Given entries:
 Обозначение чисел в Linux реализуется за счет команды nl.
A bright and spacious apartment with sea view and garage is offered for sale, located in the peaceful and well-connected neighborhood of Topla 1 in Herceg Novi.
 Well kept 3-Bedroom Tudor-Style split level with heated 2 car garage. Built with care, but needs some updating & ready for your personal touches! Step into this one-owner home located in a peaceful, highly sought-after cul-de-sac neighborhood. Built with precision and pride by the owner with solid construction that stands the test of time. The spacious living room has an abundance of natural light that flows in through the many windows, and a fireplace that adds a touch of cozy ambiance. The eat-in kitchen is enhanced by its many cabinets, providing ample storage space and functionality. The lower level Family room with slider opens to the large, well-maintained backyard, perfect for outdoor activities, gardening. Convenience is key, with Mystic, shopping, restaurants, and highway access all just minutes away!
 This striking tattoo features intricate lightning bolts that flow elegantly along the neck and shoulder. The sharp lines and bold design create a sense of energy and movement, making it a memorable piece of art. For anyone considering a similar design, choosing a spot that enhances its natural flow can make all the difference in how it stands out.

...

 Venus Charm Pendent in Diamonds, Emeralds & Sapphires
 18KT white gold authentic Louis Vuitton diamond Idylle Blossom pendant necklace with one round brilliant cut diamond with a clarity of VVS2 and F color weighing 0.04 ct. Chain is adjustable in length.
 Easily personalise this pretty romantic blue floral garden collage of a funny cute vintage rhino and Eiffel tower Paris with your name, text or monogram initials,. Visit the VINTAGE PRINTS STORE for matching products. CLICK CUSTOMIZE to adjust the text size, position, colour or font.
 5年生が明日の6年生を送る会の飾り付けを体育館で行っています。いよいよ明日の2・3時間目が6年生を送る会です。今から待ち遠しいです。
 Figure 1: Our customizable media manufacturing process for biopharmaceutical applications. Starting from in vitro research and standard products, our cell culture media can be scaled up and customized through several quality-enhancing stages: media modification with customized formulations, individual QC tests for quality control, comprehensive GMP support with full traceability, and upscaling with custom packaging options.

Exercise instructions: Write out exactly the lines that fall from the line with "18KT white gold" to the line with "5年生が明日の6年生を送る会" in the records above, keeping both ends.

Written solution:
 18KT white gold authentic Louis Vuitton diamond Idylle Blossom pendant necklace with one round brilliant cut diamond with a clarity of VVS2 and F color weighing 0.04 ct. Chain is adjustable in length.
 Easily personalise this pretty romantic blue floral garden collage of a funny cute vintage rhino and Eiffel tower Paris with your name, text or monogram initials,. Visit the VINTAGE PRINTS STORE for matching products. CLICK CUSTOMIZE to adjust the text size, position, colour or font.
 5年生が明日の6年生を送る会の飾り付けを体育館で行っています。いよいよ明日の2・3時間目が6年生を送る会です。今から待ち遠しいです。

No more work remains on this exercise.